3 Responses

  1. Peter Geraci
    Peter Geraci at |

    I understand about lock down. But here is a situation that recently occured with our Vcenter 4.1 and ESX 4.1 server. We are running Lab Manager and for some reason the consoles on the LM configurations were unable to communicate with the esxi host. The error indicated that it failed to communicate to the vcenter host on port 902. Investigated this error and found several articles but none proved to be helpful. Contacted VMWare support and we enabled Tech Support mode and SSH for the esxi server. Had support look at the server. They attempted to restart the services, but this failed. Their recommendation was to reboot.OK so we rebooted.
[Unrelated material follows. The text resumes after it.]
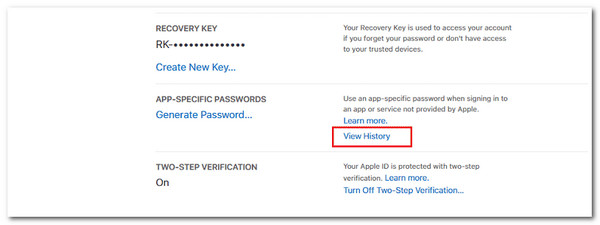 Step 2Go to the App-specific Passwords section on the right of the screen. Then, choose the View History button on the list. Later, the generated app-specific passwords will be shown on the screen. You may copy the ones you prefer to have a duplicate.

When the system returned we were unable to get to the system from ANY console means. The physical console was locked out as well as any services. We essentially had a 'brick' for a server and no access to anything. Have not found any references to this type of failure. Our only recourse was to reinstall ESXi and reconnect to the Lab Manager service. A royal pain when you have hundred of VM's that are now orphaned and inaccessable. VMware support was clueless as to why this occured.

    Reply
    1. @vcdxnz001
      @vcdxnz001 at |

      Hi Peter, That's very unfortunate. I think a bit more troubleshooting would have been useful prior to the reboot. Did you have a TAM involved in this process? There are a few different possibilities that could have caused those symptoms. The thing with lockdown mode in 4.1 is that only vpxuser can access the host. So you need to make sure the host is accessible to vCenter at all times as this is the only way to disable lockdown mode. When troubleshooting lockdown mode may need to be disabled so you can ensure host access when necessary. If your vCenter can't communicate to the host that is the first problem to fix before anything else.

      Reply
  2. Bob
    Bob at |

    From my testing I've found that not only if you enable lockdown mode from DCUI you lose local permissions, but if you DISABLE lockdown mode from DCUI you also lose host level permissions. Then vCenter still thinks the host is locked down, and you can no longer set lockdown mode on or off through vCenter. Not very helpful at all.